### Task objective
Where the data below contains pictures, omit them; output the rest word for word.

━━ Exercise data ━━

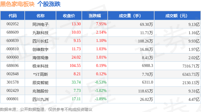 从资金流向上来看,当日黑色家电板块主力资金净流出1.6亿元,游资资金净流出729.27万元,散户资金 净流入1.67亿元。黑色家电板块个股资金流向见下表: 证券之星消息,12月26日黑色家电板块较上一交易日上涨0.28%,兆驰股份领涨。当日上证指数报收于 3963.68,上涨0.1%。深证成指报收于13603.89,上涨0.54%。黑色家电板块个股涨跌见下表: | 代码 | 名称 | 收盘价 | 涨跌幅 | 成交量(手) | 成交额(元) | | | --- | --- | --- | --- | --- | --- | --- | | 002429 | 兆驰股份 | 7.81 | 4.27% | 163.76万 | | 12.85 Z | | 000801 | 四川九洲 | 17.44 | 0.75% | 44.23万 | | 7.69亿 | | 000810 | 创维数字 | 11.61 | 0.17% | 10.23万 | | 261T | | 688609 | 九联科技 | 9.82 | -0.20% | 6.71万 | 6575.96万 | | | 600839 | 四川长虹 | 9.05 | -0 ...
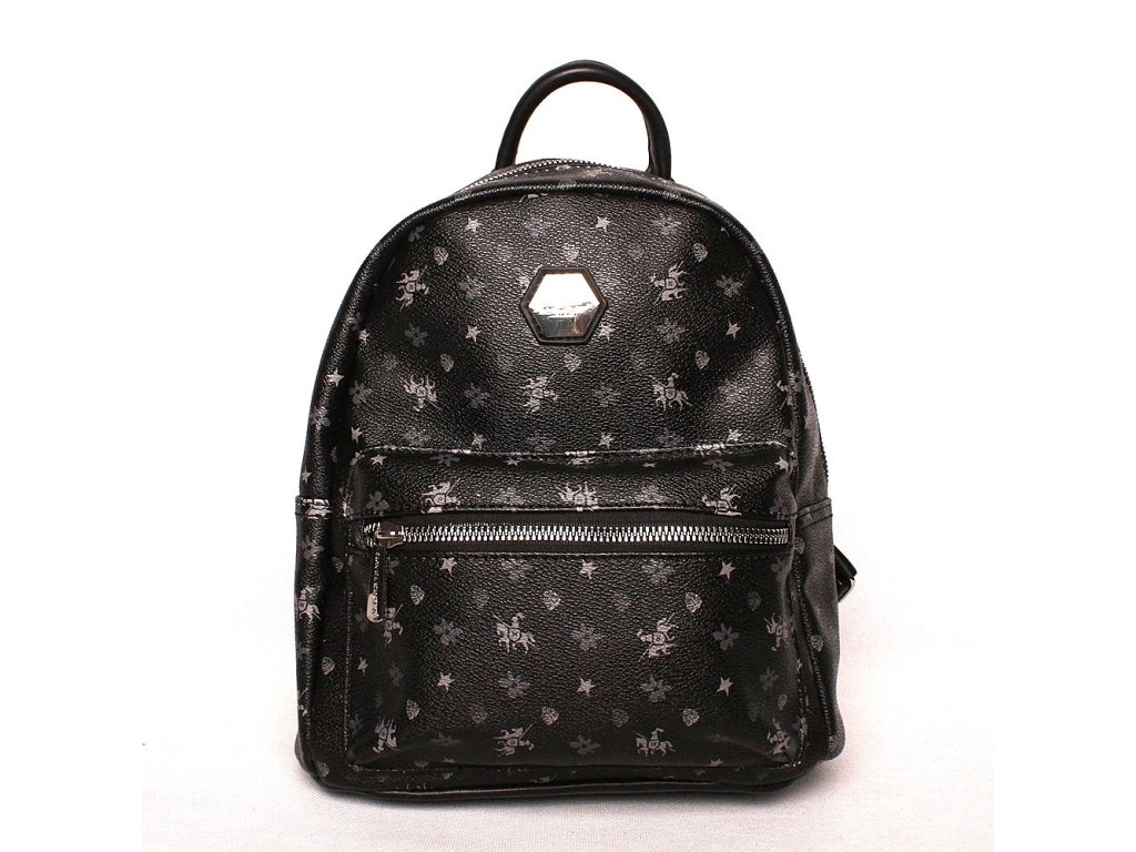 Kouzelný městský malý batůžek v černé barvě s různými ornamenty a symbolem jezdce na koni je určený pro ženy, které se nebojí být originální.
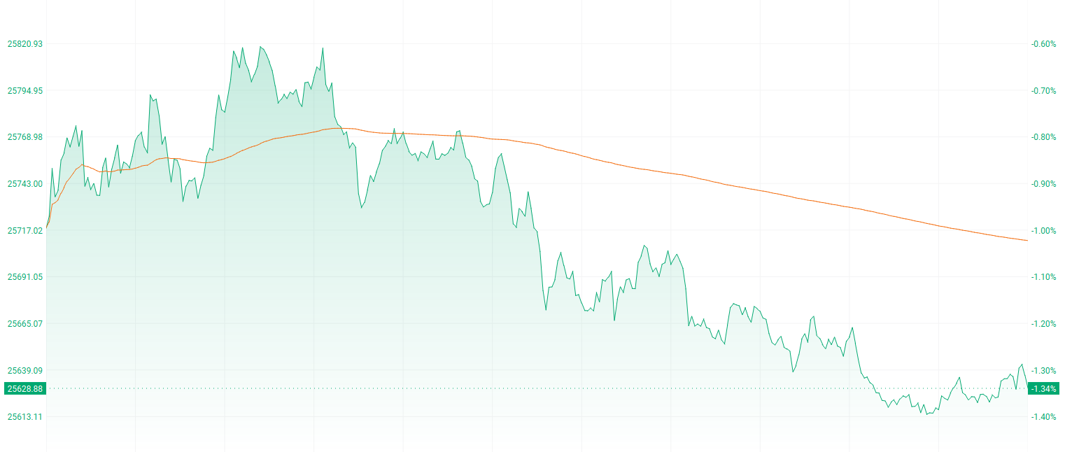 财联社12月15日讯(编辑 胡家荣)港股三大指数集体走弱。截至收盘,恒生指数跌1.34%,报25628.88点;科技指数跌2.48%,报5498.42点;国企指数跌1.78%,报8917.70点。
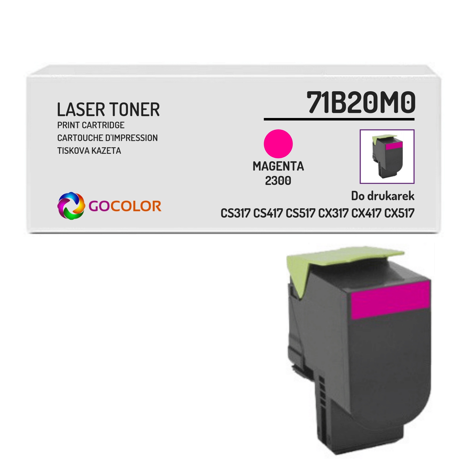 Заміна MAGENTA, замінює оригінальний тонер із кодом: 71B20M0 071B20M0 0071B20M0.

━━━

### Expected output
 从资金流向上来看,当日黑色家电板块主力资金净流出1.6亿元,游资资金净流出729.27万元,散户资金 净流入1.67亿元。黑色家电板块个股资金流向见下表: 证券之星消息,12月26日黑色家电板块较上一交易日上涨0.28%,兆驰股份领涨。当日上证指数报收于 3963.68,上涨0.1%。深证成指报收于13603.89,上涨0.54%。黑色家电板块个股涨跌见下表: | 代码 | 名称 | 收盘价 | 涨跌幅 | 成交量(手) | 成交额(元) | | | --- | --- | --- | --- | --- | --- | --- | | 002429 | 兆驰股份 | 7.81 | 4.27% | 163.76万 | | 12.85 Z | | 000801 | 四川九洲 | 17.44 | 0.75% | 44.23万 | | 7.69亿 | | 000810 | 创维数字 | 11.61 | 0.17% | 10.23万 | | 261T | | 688609 | 九联科技 | 9.82 | -0.20% | 6.71万 | 6575.96万 | | | 600839 | 四川长虹 | 9.05 | -0 ...
 Kouzelný městský malý batůžek v černé barvě s různými ornamenty a symbolem jezdce na koni je určený pro ženy, které se nebojí být originální.
 财联社12月15日讯(编辑 胡家荣)港股三大指数集体走弱。截至收盘,恒生指数跌1.34%,报25628.88点;科技指数跌2.48%,报5498.42点;国企指数跌1.78%,报8917.70点。
 Заміна MAGENTA, замінює оригінальний тонер із кодом: 71B20M0 071B20M0 0071B20M0.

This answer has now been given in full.